I recently added some stuff to gentoo for openstreetmap and gps-related work.
For one, the java openstreetmap editor
josm now has ebuilds. josm and josm-plugins, the first only installs the program itself plus language packs, the second installs most of the josm-plugins available. They can be enabled within the configuration.
I was a bit unsure how to handle it, as I first thought about adding some basic plugins to the josm-package itself. But as the opinions on what »basic« plugins are seem to differ a lot, I decided to do it this way.
Another new package is
gebabbel, a gui-frontend for gpsbabel. gpsbabel is a commandline-tool that implements various proprietary gps coordinate formats and allows access to many gps-devices (e. g. garmin). Beside it can be used to filter and convert gps-tracks.

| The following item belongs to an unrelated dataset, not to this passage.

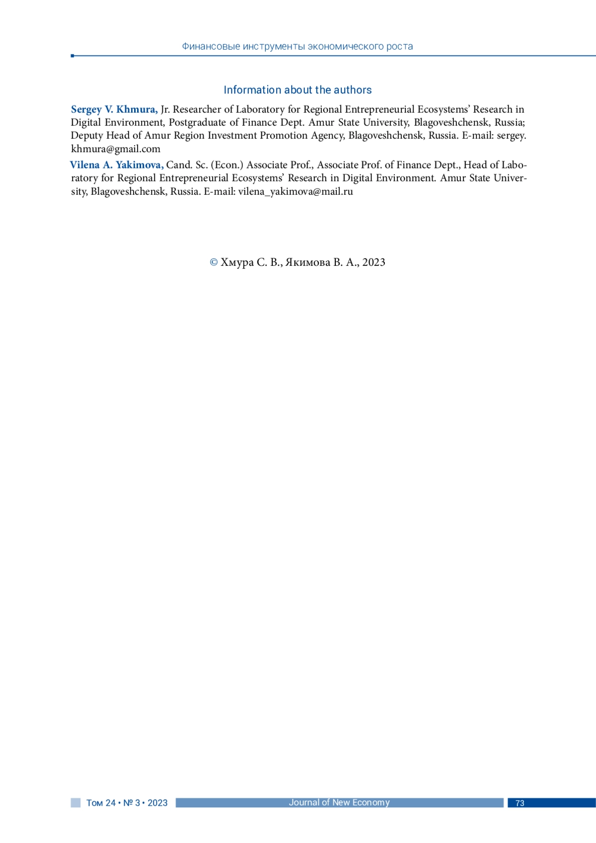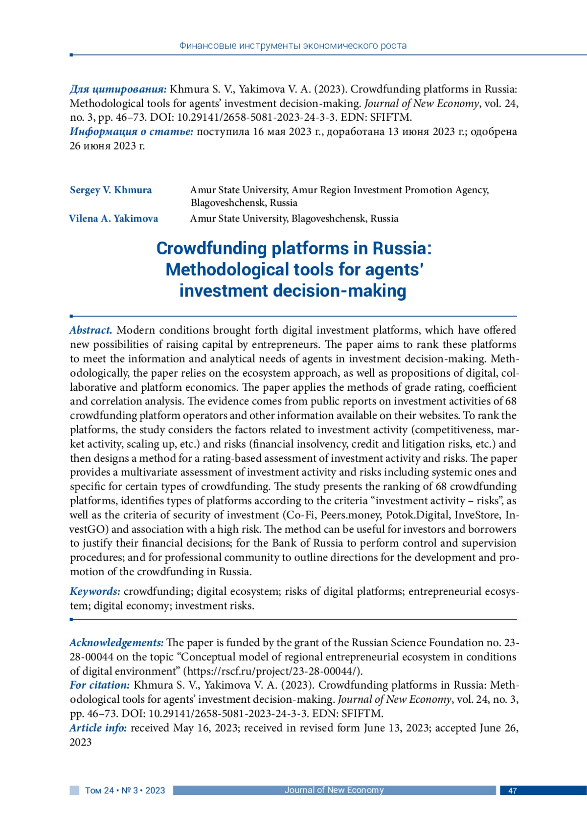 ХМУРА С. В., ЯКИМОВА В. А. КРАУДФАНДИНГОВЫЕ ПЛАТФОРМЫ В РФ: МЕТОДИЧЕСКИЙ ИНСТРУМЕНТАРИЙ ДЛЯ ПРИНЯТИЯ АГЕНТАМИ ИНВЕСТИЦИОННЫХ РЕШЕНИЙ // JOURNAL OF NEW ECONOMY. 2023. Т. 24 № 3

More to come. Probably also interesting stuff in portage is gpsdrive (which has some osm-stuff in svn, but not yet in a release), marble (world-view-tool for kde, osm-support is planned within the next months). Other stuff not yet in portage, I plan to make packages in the future: tiles@home, qlandkarte, mapnik and probably everything it takes to run an osm-server.
A bit offtopic, as gentoo doesn't run on mobiles (yet):
Mobile Trail Explorer is the only free (as in freedom) software I found for J2ME-mobiles to create gps-tracks. It's a bit alpha, lacking some features and unstable, but it's free, so I hope it'll become better soon. It's a cheap way to get gps-tracks, assuming that you already have a java/bluetooth-mobile and you can get a gps-mouse starting at about 50 €.
If you have more suggestions for gps/osm-related stuff, feel free to open requests on the gentoo bugzilla and add me to the cc.